Load and use the model

test(single_node_log_dir)
/local_disk0/tmp/1610480446960-0/PythonShell.py:21: UserWarning: Implicit dimension choice for log_softmax has been deprecated. Change the call to include dim=X as an argument. from py4j.java_collections import ListConverter Average test loss: 0.6969888210296631

Migrate to HorovodRunner

HorovodRunner takes a Python method that contains deep learning training code with Horovod hooks. HorovodRunner pickles the method on the driver and distributes it to Spark workers. A Horovod MPI job is embedded as a Spark job using barrier execution mode.

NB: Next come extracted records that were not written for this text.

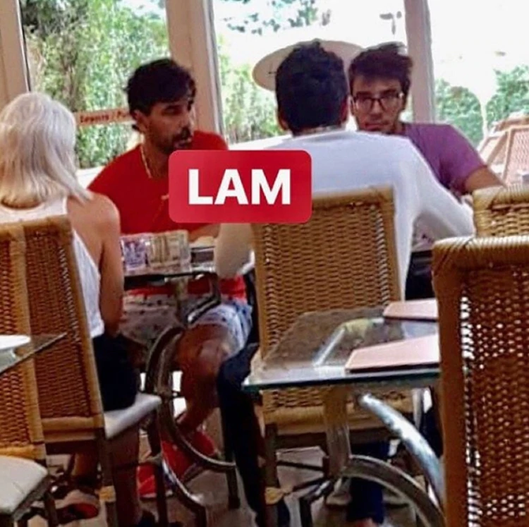 En la imagen, el actor ex Dulce Amor viste traje de baño y remera roja, y está sentado frente a su mujer (de espaldas a la foto); a su lado, sus dos hijos. Los cuatro están en un bar. Se presume que habrían pasado Navidad y Año Nuevo juntos. Además, el primo de Darthes vive en Brasil; una versión indica que está trabajando en el bar que su familiar posee en San Pablo.
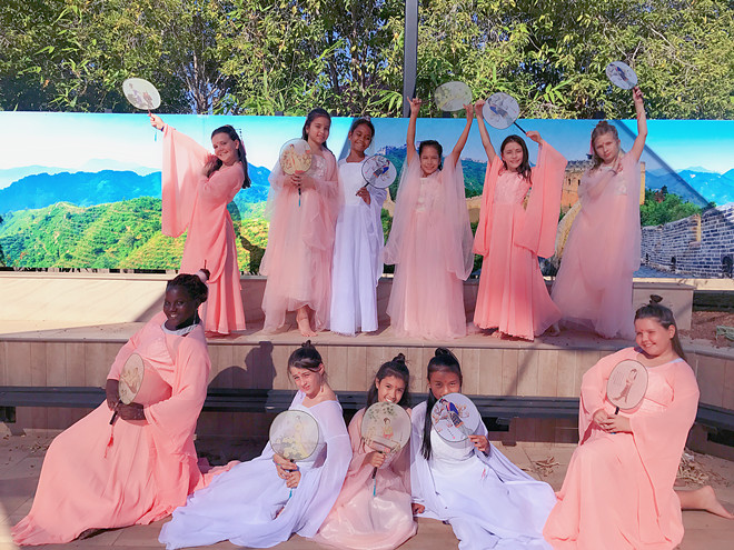 School)的学生在校级晨会上表演中国古典舞蹈《雨中花》,全校四百多位师生到场观看。此次演出还吸引了部分学生家长和当地民众现场观看和体验。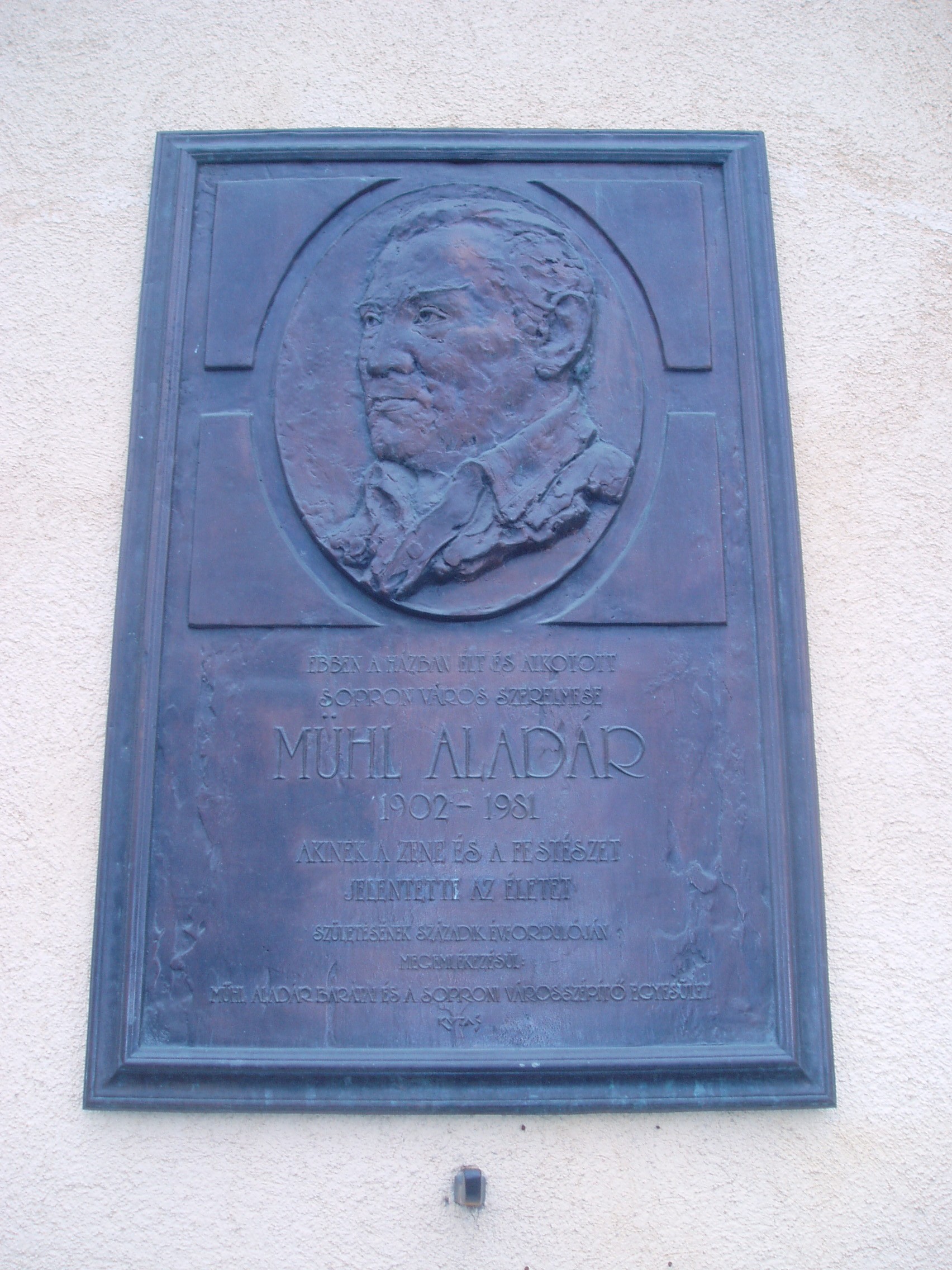 Nyilvános 868 | 1445 | Sopron, Bécsi út 20. | Emléktáblájának tanúsága szerint ebben a házban élt Mühl Aladár festőművész (1902-1981). Sopronban született, művészetre fogékony családban nevelkedett. 1920-ban az evangélikus líceumban érettségizett, majd tanítói oklevelet szerzett. Munka mellett végezte el a Zeneakadémiát, ahol Szőnyi Erzsébet tanítványa volt. A második diploma megszerzése után a soproni zeneiskolában szolfézst és zongorát tanított. A bohém hírében álló Mühl egész életében elkötelezett közéleti ember volt: ő szervezte meg Sopronban a Kodály Zoltán módszerét követő zenei általános iskolát. Évente nyári művésztelepet szervezett, Sopronba csábítva számos kiváló művészegyéniséget. A festő Mühlnek örök szerelme volt Sopron. Első kiállításával 1926-ban mutatkozott be szülővárosában, ezt újabb önálló tárlatok követték 1935-ben, 1949-ben, 1971-ben és 1976-ban Sopronban, Győrben és Németországban is. 1977-ben Lackner emlékéremmel jutalmazták. A fénykép 2008 júniusában készült. Felh. irod.: http://cyberpress.sopron.hu/article.php?id=9735 |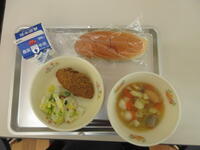 今日の給食メニューは、麦ごはん、牛乳、大根と油あげのみそ汁、ささみレモン漬け、大豆の磯煮でした。みそ汁に大根が使われていました。寒い時期の大根は甘みがあるということで、みそ汁にとてもあっていて、美味しかったです。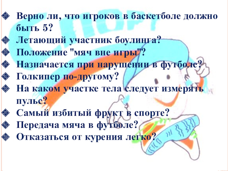 Слайд 23Верно ли, что игроков в баскетболе должно быть 5?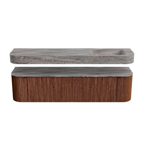 MONDIAZ THOR-DLUX 180cm badmeubel ronding links + rechts kleur Ruby met 2 lades en 2 deuren. Vrijhangende wastafel CLOUD Rechts zonder kraangat kleur Oza.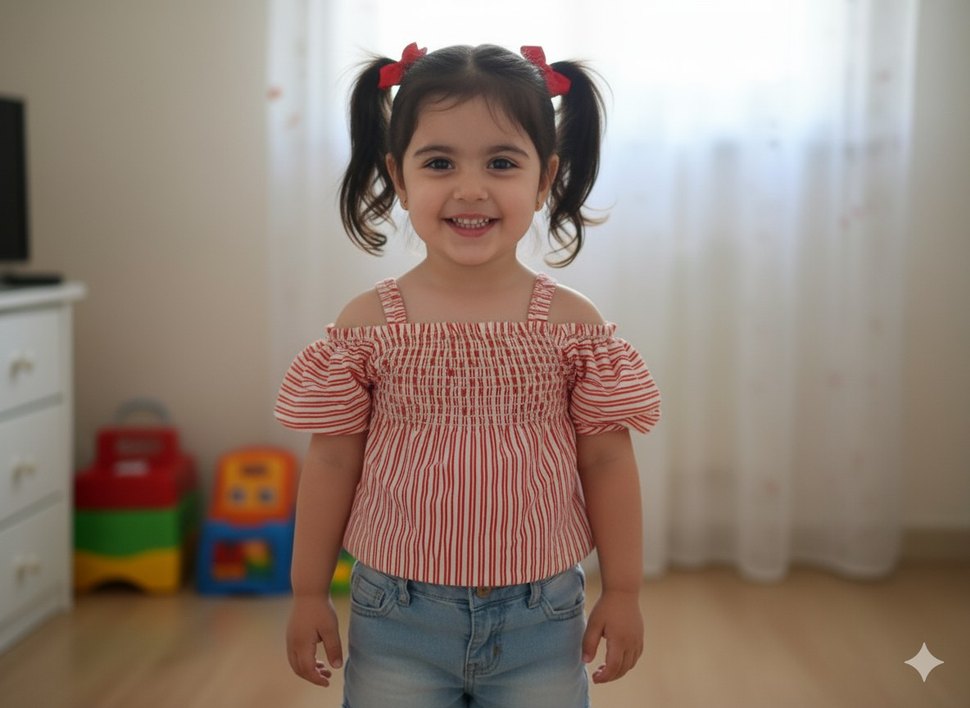 Pamuklu, piliseli, kırmızı renkli, kısa kollu, omuz detaylı kız çocuk bluz, rahat ve renkli tasarımıyla öne çıkar.

import horovod.torch as hvd
from sparkdl import HorovodRunner
hvd_log_dir = create_log_dir()
print("Log directory:", hvd_log_dir)
 
def train_hvd(learning_rate):
  
  # Initialize Horovod
  hvd.init()  
  device = torch.device('cuda' if torch.cuda.is_available() else 'cpu')
  
  if device.type == 'cuda':
    # Pin GPU to local rank
    torch.cuda.set_device(hvd.local_rank())
 
  train_dataset = datasets.MNIST(
    # Use different root directory for each worker to avoid conflicts
    root='data-%d'% hvd.rank(),  
    train=True, 
    download=True,
    transform=transforms.Compose([transforms.ToTensor(), transforms.Normalize((0.1307,), (0.3081,))])
  )
 
  from torch.utils.data.distributed import DistributedSampler
  
  # Configure the sampler so that each worker gets a distinct sample of the input dataset
  train_sampler = DistributedSampler(train_dataset, num_replicas=hvd.size(), rank=hvd.rank())
  # Use train_sampler to load a different sample of data on each worker
  train_loader = torch.utils.data.DataLoader(train_dataset, batch_size=batch_size, sampler=train_sampler)
 
  model = Net().to(device)
  
  # The effective batch size in synchronous distributed training is scaled by the number of workers
  # Increase learning_rate to compensate for the increased batch size
  optimizer = optim.SGD(model.parameters(), lr=learning_rate * hvd.size(), momentum=momentum)
 
  # Wrap the local optimizer with hvd.DistributedOptimizer so that Horovod handles the distributed optimization
  optimizer = hvd.DistributedOptimizer(optimizer, named_parameters=model.named_parameters())
  
  # Broadcast initial parameters so all workers start with the same parameters
  hvd.broadcast_parameters(model.state_dict(), root_rank=0)
 
  for epoch in range(1, num_epochs + 1):
    train_one_epoch(model, device, train_loader, optimizer, epoch)
    # Save checkpoints only on worker 0 to prevent conflicts between workers
    if hvd.rank() == 0:
      save_checkpoint(hvd_log_dir, model, optimizer, epoch)
Log directory: /dbfs/ml/horovod_pytorch/1610480588.0704386/MNISTDemo

Now that you have defined a training function with Horovod, you can use HorovodRunner to distribute the work of training the model.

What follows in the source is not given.